··· Provided entries ···
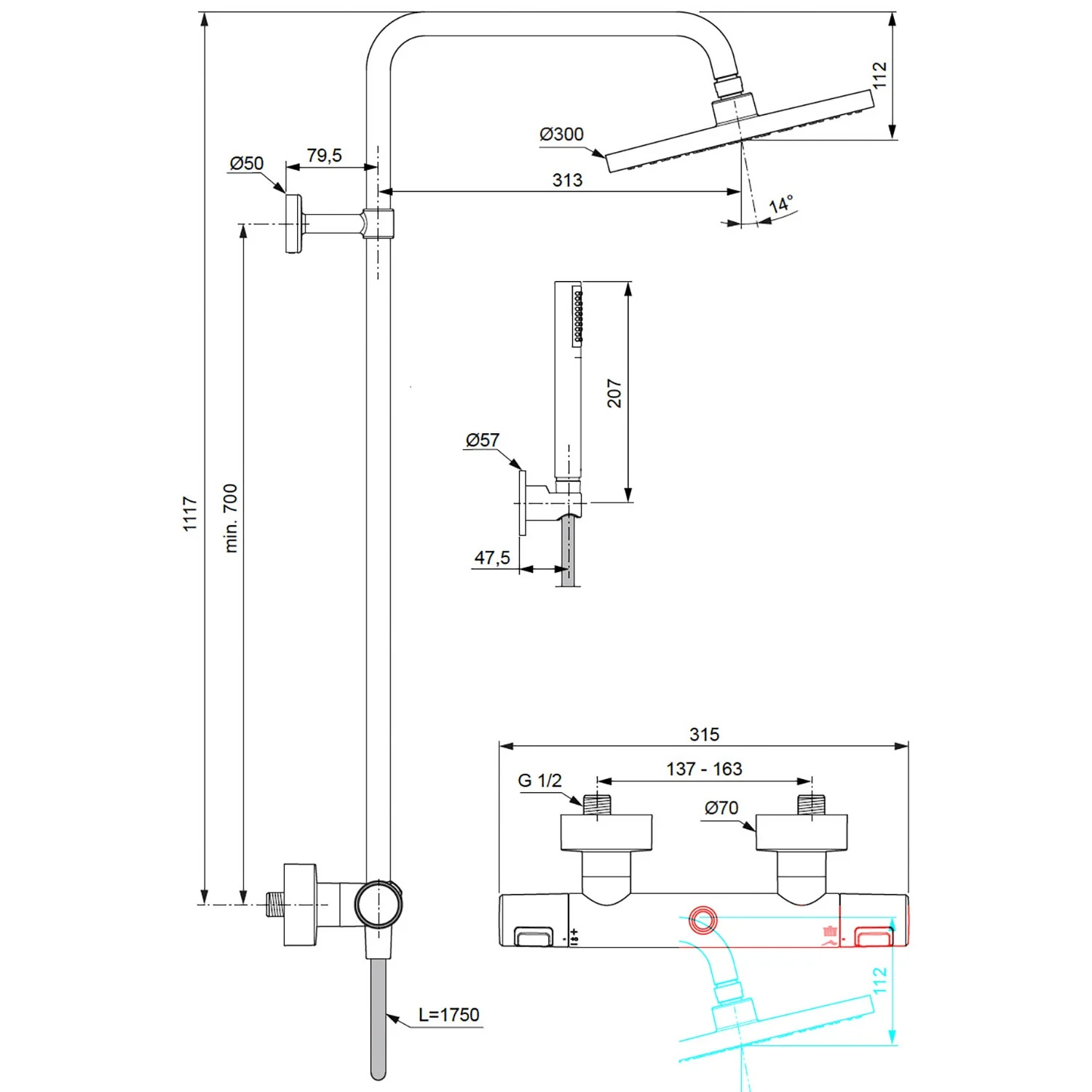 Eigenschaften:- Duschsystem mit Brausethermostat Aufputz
···
··· Provided entries ···
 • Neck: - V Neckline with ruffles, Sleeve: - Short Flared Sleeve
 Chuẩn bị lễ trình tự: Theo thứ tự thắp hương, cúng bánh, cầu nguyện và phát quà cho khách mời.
···
> _Exercise objective_
Would you please write out, exactly and with no other lines, the stretch of the listing above from the line containing "Short Flared Sleeve" through the line containing "Chuẩn bị lễ"?

> _Finished task_
 • Neck: - V Neckline with ruffles, Sleeve: - Short Flared Sleeve
 Chuẩn bị lễ trình tự: Theo thứ tự thắp hương, cúng bánh, cầu nguyện và phát quà cho khách mời.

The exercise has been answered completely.